Не сказать, что слова Ящера поразили меня, как гром среди ясного неба. Чего‑то подобного я, в общем‑то, и ожидал. Правы те, кто утверждает, что КГБ – всесильная организация. Более того – на месте следователя я бы тоже обиделся и постарался максимально испортить жизнь такому, как я. Чтобы держал язык на привязи и думал головой, прежде чем лаяться по матери.

Расчет меня приятно удивляет – аж целых шестьдесят семь рублей! Сумасшедшие деньги. Придется тянуть на них до конца января. Матери я, понятно, ничего пока не скажу. Пусть думает, что я по‑прежнему работаю.

Мать после того, как нам пришла повестка на Черное озеро, всю ночь не спала. В квартире пахло валерьянкой.

Тороплюсь домой, знаю – она сидит и ждет меня. С порога объявляю:

– Все нормально!

– Что, что тебе сказали?

– Да ерунда. Профилактическая беседа. Следователь – мировой мужик. Обещал помочь с публикациями, – беззастенчиво вру я. – Мам, ну я же не преступник! Там уже во всем разобрались, не переживай.
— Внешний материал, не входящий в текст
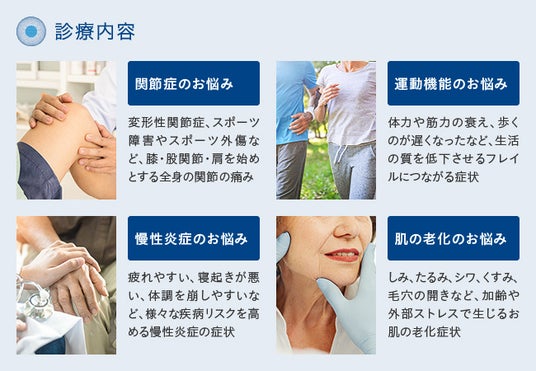 関節の痛みや体調不良など加齢に伴う症状、治療内容の疑問、費用のこと、効果についてなど、まずは気になることをお気軽にご相談ください。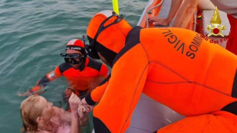 Raggiunta da un gommone della squadra dei sommozzatori dei vigili del fuoco di Sassari, è stata dapprima aiutata ad indossare un giubbino di salvataggio. Poi è stata issata sul gommone per esser consegnata alle cure del 118 che attendeva in riva. Il coordinamento tra Guardia costiera, vigili del fuoco e gli altri enti coinvolti ha permesso di evitare una probabile tragedia.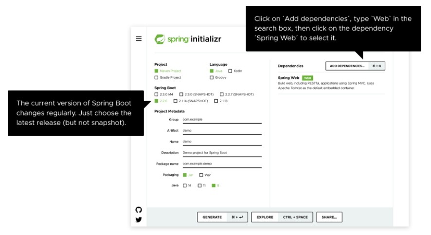 创建的项目 start.spring.io 包含 春季靴,这是一个框架,可让Spring准备在您的应用程序中工作,而无需太多代码或配置。Spring Boot是启动Spring项目的最快,最受欢迎的方式。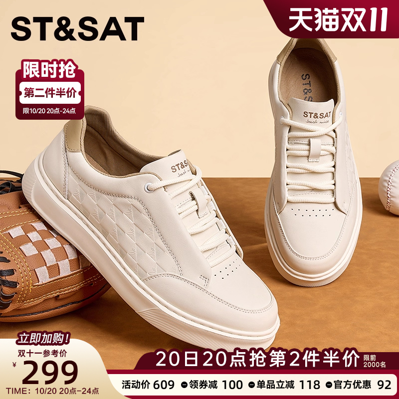 星期六鞋子男鞋2025新款春秋季透气增高小白鞋运动休闲真皮板鞋男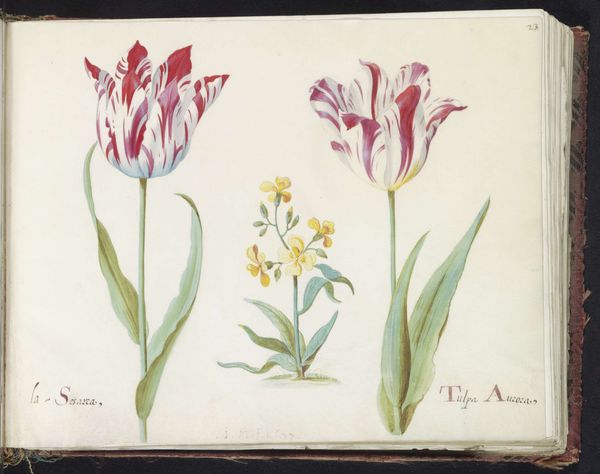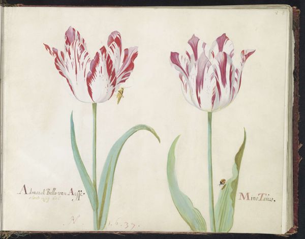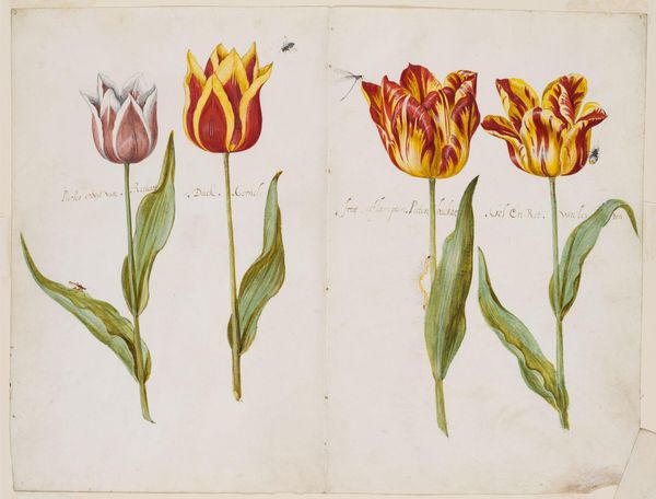 Curator: Welcome. Before us is "Sheet from a Tulip Book," a watercolor and ink drawing on paper, created around 1640 by Jacob Marrel. It resides here at the Rijksmuseum. Editor: My first thought is: delicate obsession. There's such fine detail in the rendering of each bloom and even the little insects. But there's a slight melancholy as well. The flowers are past their prime. Curator: It certainly encapsulates a key period. The Dutch Golden Age was marked by immense prosperity, fueled in part by tulip mania. Tulip books, like this sheet comes from, served as catalogs for potential buyers. They showcase coveted varieties with precise detail, a necessity before color photography. Editor: So these illustrations weren't just artistic expressions, but a visual commodity index of a speculative bubble. The named specimens – the 'Naire Wite' and 'S. Peter Roose' – each held value, literally? Curator: Precisely. Marrel, along with other artists, played a crucial role in the trade. The highly detailed depictions highlighted the unique characteristics of each bulb. Color variegations, stem length, and even subtle flaws could influence prices dramatically. They were propagating and perpetuating desires through imagery. Editor: Look closely, and it is more than pure documentation. These blooms and the insects – tiny dragonflies and ladybugs—exist on this blank plane that brings an emotional quality. We sense time, transition, the brevity of life and luxury... there's something quite vanitas-like in the composition. The artist seems keenly aware of the fragile market in representing the withering beauty of each. Curator: I agree that tension permeates. Even those insects! We tend to perceive tulips as symbols of opulence. But those little creatures serve as potent memento mori reminders of life's transience. Their presence implicates how human economic systems affect the environment, as well. These are luxury objects that rely on exploited ecologies. Editor: That is such an important insight. What seems on the surface an elegant still life opens into wider societal considerations on how art becomes implicated in global power systems. Curator: Indeed. This work serves as a fascinating portal, reflecting the complex interplay of commerce, art, and ecological concern within the historical landscape. Editor: Thanks. Seeing the drawing, and understanding the political-economic dimensions adds so much to what one might initially perceive about such period pieces.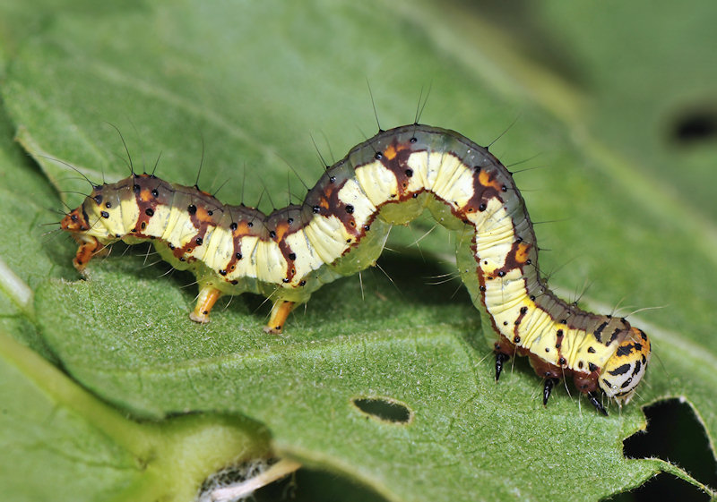 Incuriosito dall'apparizione di bruchi di questa specie su più forum ;) e non avendola mai vista, negli ultimi due giorni, approfittando della pausa pranzo, sono andato a cercarla, prima sul litorale tra Fiumicino e Fregene, poi (ieri) anche lontano dal mare, nella zona tra Malagrotta e Ponte Galeria, in pratacci degradati a bordo strada asfaltata. Risultato: se avessi voluto avrei potuto prenderne cinquanta, di bruchi, è comunissima sulle malve soprattutto in posti caldi e secchi, e i bruchi sono ben visibili sopra le foglie e attivi anche nelle ore centrali della giornata, insieme a larve di Acontia lucida (Hufnagel, 1767), Autographa gamma (Linnaeus, 1758), Vanessa cardui (Linnaeus, 1758) e Carcharodus alceae (Esper, [1780]). E si presentano in due forme totalmente diverse tanto da apparire come due specie distinte, che all'inizio ritenevo una giovane (verde) e l'atra matura (colorata), ma le dimensioni sono le stesse, ritengo quindi che siano due forme alternative, quella verde nettamente preponderante (a spanne 10:1):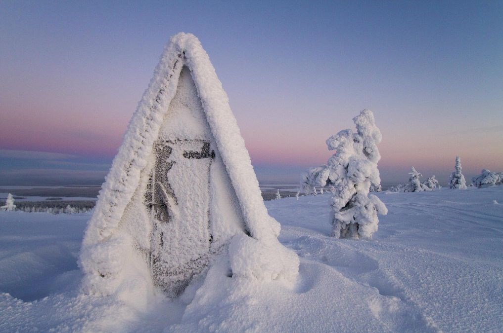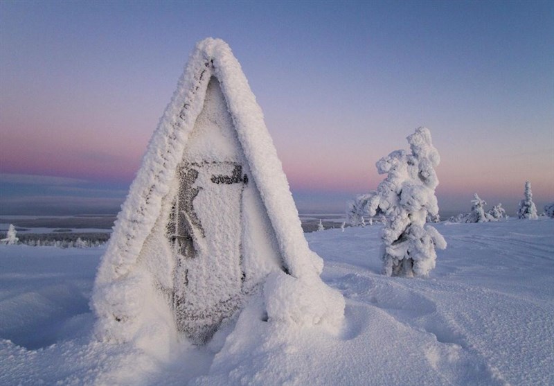 در یک غروب آفتاب که گویی با با مداد رنگی نقاشی شده پوشش سنگین برف یخ زده بر منطقه لاپلند فنلاند نشسته است.

– Ну, слава богу! – облегченно говорит мать. – Кушать будешь? Я голубцы сделала.

– Не, сыт, в столовке солянка была, – я снова вру, но есть мне и правда не хочется.
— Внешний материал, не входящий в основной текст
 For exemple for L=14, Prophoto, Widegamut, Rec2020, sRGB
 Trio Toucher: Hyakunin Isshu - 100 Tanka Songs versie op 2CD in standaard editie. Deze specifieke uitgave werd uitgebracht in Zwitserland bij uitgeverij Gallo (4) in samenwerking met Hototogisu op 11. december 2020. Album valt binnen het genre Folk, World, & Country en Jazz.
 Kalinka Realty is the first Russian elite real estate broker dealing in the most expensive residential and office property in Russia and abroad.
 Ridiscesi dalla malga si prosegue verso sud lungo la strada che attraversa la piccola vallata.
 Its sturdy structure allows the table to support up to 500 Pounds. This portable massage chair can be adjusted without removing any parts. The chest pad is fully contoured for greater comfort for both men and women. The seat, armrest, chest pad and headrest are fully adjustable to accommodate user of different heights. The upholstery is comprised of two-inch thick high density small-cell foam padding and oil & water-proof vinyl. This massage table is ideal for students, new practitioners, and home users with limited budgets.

Захожу в свою комнату, достаю из кармана фигурку коня и кладу на подлокотник кресла. Неужели эта фамильная реликвия может так влиять на судьбу ее обладателя? Неужели этот конь завез меня туда, где я сейчас нахожусь?

Перед сном я все же соглашаюсь съесть голубец, выпиваю стакан чаю и уже допив, замечаю, что забыл положить сахар.

– Что с тобой, сынок? – спрашивает мать.

– Да все в порядке, устал просто.

Я и вправду устал. Надо выспаться. Надеюсь, что завтрашний день будет для меня удачнее прошедшего.

 

Утром, как обычно, еду в университет. Сегодня, видимо, у лифтеров какой‑то праздник – работают оба лифта, и я без проблем поднимаюсь на наш этаж. Первое, что бросается мне в глаза – большое объявления возле деканата: «Сегодня в 15–00 в Ленинской аудитории Главного здания КГУ состоится открытое комсомольское собрание курса. Повестка дня: поведение и моральный облик студента 3‑его курса отделения журналистики филологического факультета Новикова А. В. Явка всех комсомольцев строго обязательна!».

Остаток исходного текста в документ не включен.